The output should match, line for line, the records from the line containing "Izal, uno de" through the line containing "Encontre o refúgio", with every picture left out.

INFORMATION:
__________________________________________________

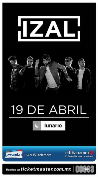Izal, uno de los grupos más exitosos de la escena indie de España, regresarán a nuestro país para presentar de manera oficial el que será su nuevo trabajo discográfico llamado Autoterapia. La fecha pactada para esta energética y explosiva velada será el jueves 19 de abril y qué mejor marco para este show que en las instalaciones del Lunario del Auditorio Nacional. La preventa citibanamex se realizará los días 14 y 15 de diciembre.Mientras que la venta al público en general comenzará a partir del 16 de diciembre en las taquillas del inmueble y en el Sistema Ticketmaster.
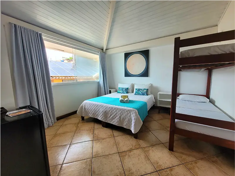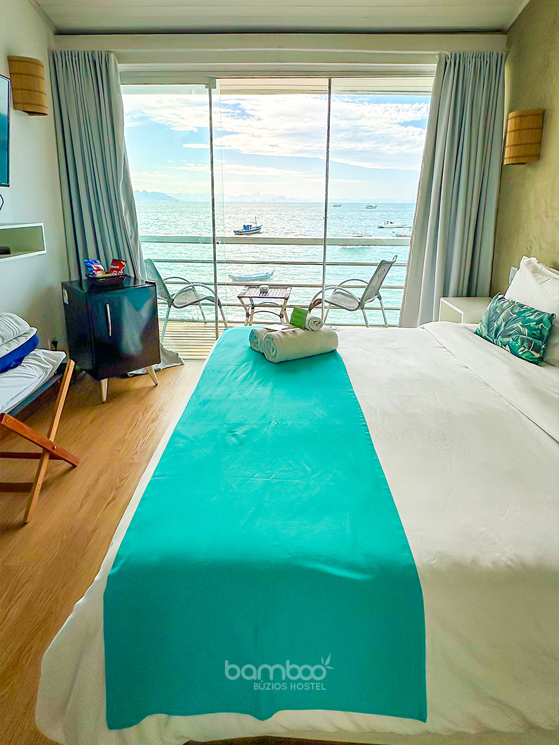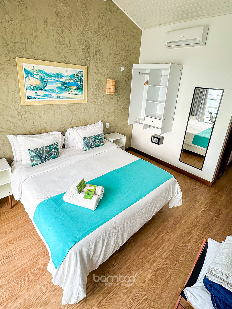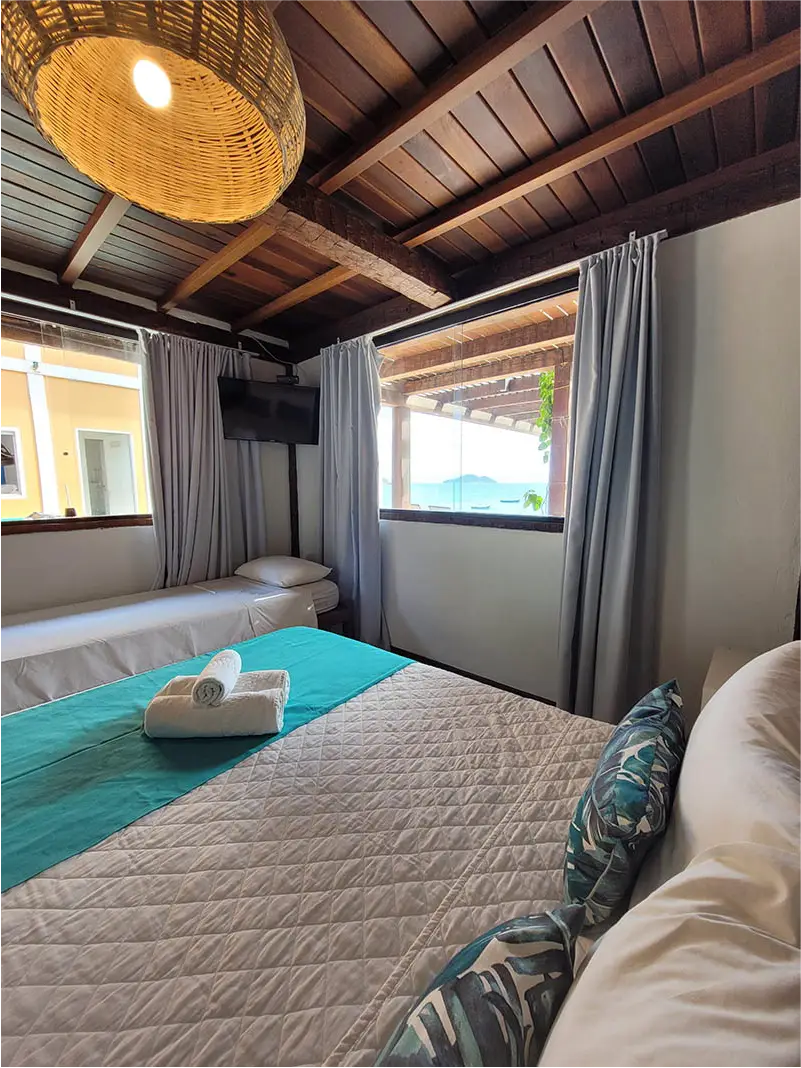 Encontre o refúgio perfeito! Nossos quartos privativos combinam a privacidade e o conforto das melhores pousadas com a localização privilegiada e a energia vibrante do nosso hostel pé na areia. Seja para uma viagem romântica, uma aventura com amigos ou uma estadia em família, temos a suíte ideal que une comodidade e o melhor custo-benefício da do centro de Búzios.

__________________________________________________

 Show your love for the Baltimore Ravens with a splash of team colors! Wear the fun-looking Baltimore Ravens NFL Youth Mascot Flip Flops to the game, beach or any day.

__________________________________________________

SOLUTION FOR THIS EXERCISE:
Izal, uno de los grupos más exitosos de la escena indie de España, regresarán a nuestro país para presentar de manera oficial el que será su nuevo trabajo discográfico llamado Autoterapia. La fecha pactada para esta energética y explosiva velada será el jueves 19 de abril y qué mejor marco para este show que en las instalaciones del Lunario del Auditorio Nacional. La preventa citibanamex se realizará los días 14 y 15 de diciembre.Mientras que la venta al público en general comenzará a partir del 16 de diciembre en las taquillas del inmueble y en el Sistema Ticketmaster.
 Encontre o refúgio perfeito! Nossos quartos privativos combinam a privacidade e o conforto das melhores pousadas com a localização privilegiada e a energia vibrante do nosso hostel pé na areia. Seja para uma viagem romântica, uma aventura com amigos ou uma estadia em família, temos a suíte ideal que une comodidade e o melhor custo-benefício da do centro de Búzios.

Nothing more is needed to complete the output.